Devil's Den State Park © Doug Wertman
With Arkansas' alluring forests, lakes and mountains, it's no wonder most of the state's visitors come in search of outdoor adventure. The state's rock climbing opportunities, particularly in the sandstone crags of the northwest, are first rate; its rivers and streams, bursting with trout, are perfect for fishing, canoeing and rafting; hunters enjoy abundant wildlife and comparatively liberal regulations; more than 50 parks scattered across the state offer excellent hiking, backpacking and mountain biking; and digging sites enable holiday 'geologists' to unearth their own quartz, judged to be among the world's finest, and occasionally even find a diamond. The Crater of Diamonds State Park is the only diamond mine in the world where visitors can pay an entry fee and keep whatever gems they find. The state's off-the-beaten-path reputation makes it quite an affordable holiday destination as well.
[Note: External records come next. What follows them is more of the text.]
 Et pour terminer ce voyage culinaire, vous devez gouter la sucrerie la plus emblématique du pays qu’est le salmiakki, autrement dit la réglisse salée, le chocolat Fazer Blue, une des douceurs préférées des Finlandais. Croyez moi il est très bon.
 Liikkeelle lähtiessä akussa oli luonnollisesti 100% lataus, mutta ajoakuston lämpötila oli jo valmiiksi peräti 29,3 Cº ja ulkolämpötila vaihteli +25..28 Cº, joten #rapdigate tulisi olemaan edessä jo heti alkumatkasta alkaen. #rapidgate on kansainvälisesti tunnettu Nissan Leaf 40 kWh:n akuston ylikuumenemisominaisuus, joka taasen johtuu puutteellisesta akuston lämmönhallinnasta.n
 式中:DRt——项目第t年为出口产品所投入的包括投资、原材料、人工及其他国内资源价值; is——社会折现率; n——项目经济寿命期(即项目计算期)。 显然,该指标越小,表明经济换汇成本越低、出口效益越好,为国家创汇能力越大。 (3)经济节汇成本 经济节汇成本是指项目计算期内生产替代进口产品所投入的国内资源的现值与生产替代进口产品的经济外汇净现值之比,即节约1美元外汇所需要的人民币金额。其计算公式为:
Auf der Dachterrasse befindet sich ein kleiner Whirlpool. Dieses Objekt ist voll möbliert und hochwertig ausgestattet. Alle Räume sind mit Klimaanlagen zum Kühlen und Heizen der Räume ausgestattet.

Once, however, Arkansas had a slightly different reputation among travellers. In the early 1900s, due to its thermal springs, it was an elite hideaway for those seeking health, rejuvenation and luxury. Hot Springs National Park, with its magnificent stone and marble bathhouses, now historic landmarks, was the most famous spa, and it remains the most visited spot in Arkansas, attracting both bathers and history buffs. Eureka Springs is another picturesque historic town that grew up around its hot springs, far north in the fabled Ozark Mountains.
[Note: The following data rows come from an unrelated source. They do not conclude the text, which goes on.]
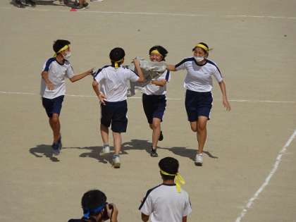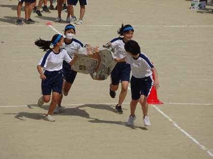 新聞紙で作った大きなシートの上にボールを乗せてゴールまで運ぶ『フライングシート』。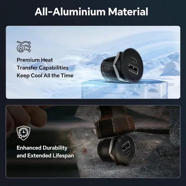 ALUMINUM CONSTRUCTION AND SAFETY: Made of sturdy aluminum, the USB socket excels in heat dissipation and durability. With an integrated smart protection chip and fuse, it protects your device for worry-free travel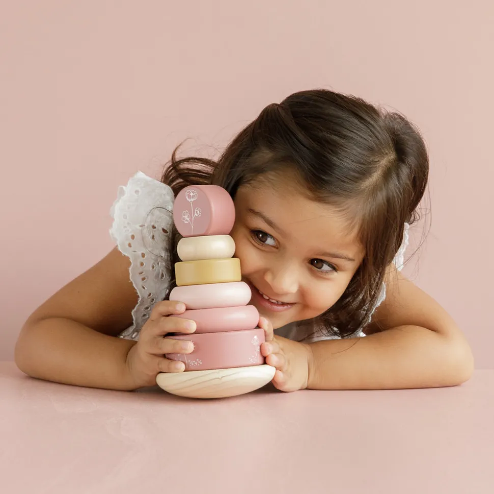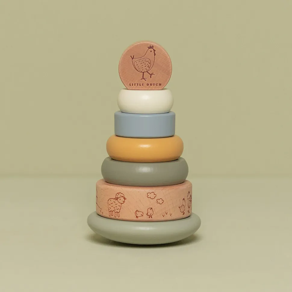 Stabelringene fra Little Dutch i træ er designet til at udvikle børnenes hånd-øje-koordination gennem sjov og praktisk leg. Børnene animeres til at placere træringene i den rigtige rækkefølge og stable dem på tårnet. Det er ganske udfordrende fordi tårnet bliver ved med at vugge frem og tilbage. Bare klø på, du kan godt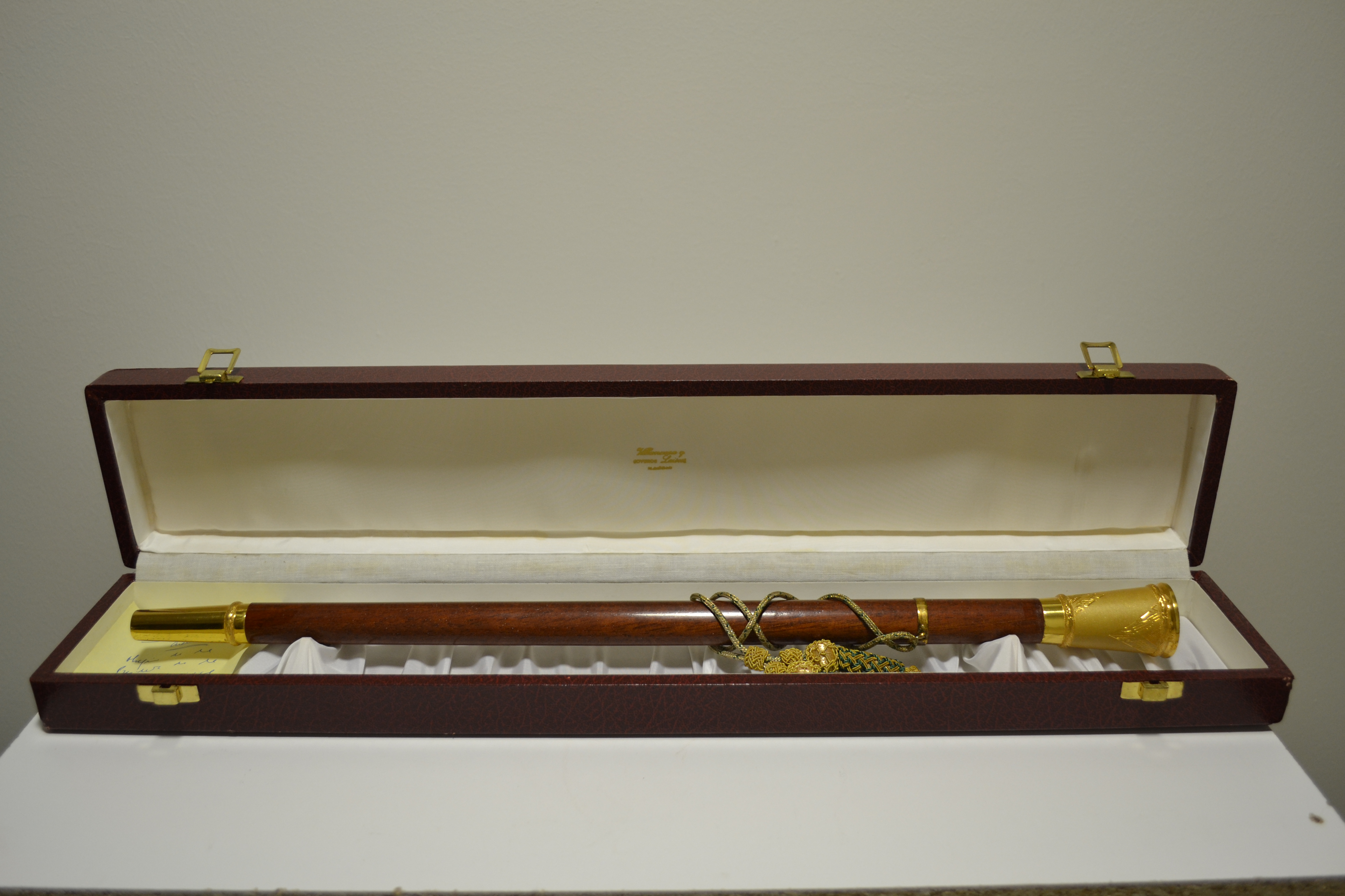 Bastón de mando de la ciudad de Cuenca. Regalo de la Presidenta de la Diputación de Cuenca con motivo del nombramiento de Federico Mayor Zaragoza como "Hijo Adoptivo" de la ciudad. Reconociéndose su contribución a la declaración de Cuenca como Ciudad Patrimonio de la Humanidad por la Unesco en 1996.

The Ozarks are one of the unique cultural regions in America. This mountainous plateau covering northern Arkansas, as well as parts of bordering states, was settled mainly by Scottish-Irish immigrants. As in Appalachia, the area's beautiful but harsh terrain led to a hardscrabble existence. However, from this lifestyle blossomed an ingenuity that has led to generations of Ozark artisans excelling in quilting, knife and instrument making, wood carving and other crafts. 'Mountain music', in which masters of the fiddle, dulcimer, autoharp and banjo join together for jamborees, is another intrinsic part of Ozark heritage. The Ozark Folk Center is dedicated to maintaining a living history of the Ozark way of life.
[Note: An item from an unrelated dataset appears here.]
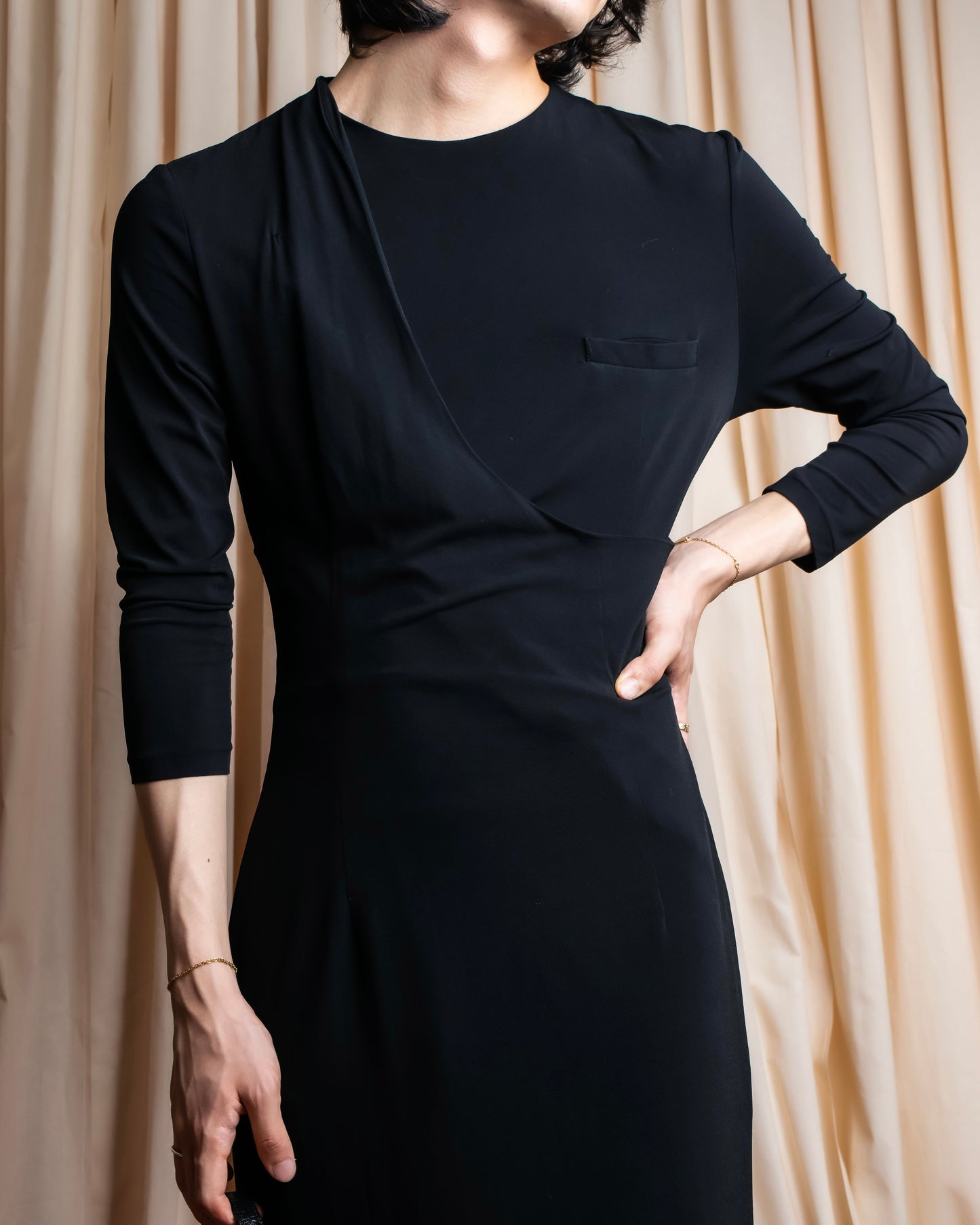 また、ポケットチーフを収納するディテールとしてスーツやフォーマルなアイテムに取り入れられている、胸ポケットのディテールを取り入れる事で本来フェミニンなカテゴリに位置するドレスをユニセックスのアイテムとして、昇華させている点も魅力的ですね。

The southern region of Arkansas opens up into flatter land, the heartland of Arkansas' agricultural background. Two of Arkansas' most famous sons, Johnny Cash and Bill Clinton, were born in this area. Clinton's birthplace is the town of Hope, but his true Arkansas legacy is to be found in the capital, Little Rock. The William J. Clinton Presidential Library and Museum houses history's largest collection of presidential papers and artefacts. It is located in Little Rock's vibrant River Market District, on the banks of the Arkansas River, a revitalized warehouse area that now hosts a thriving farmers' market and is home to countless funky galleries and boutiques, fine southern restaurants, trendy cafés and lively bars. Travellers in search of more history can visit the Little Rock Central High School, now a national historic site, where, in 1957, President Eisenhower dispatched federal paratroopers to force the local government to allow nine African-American students to attend the school.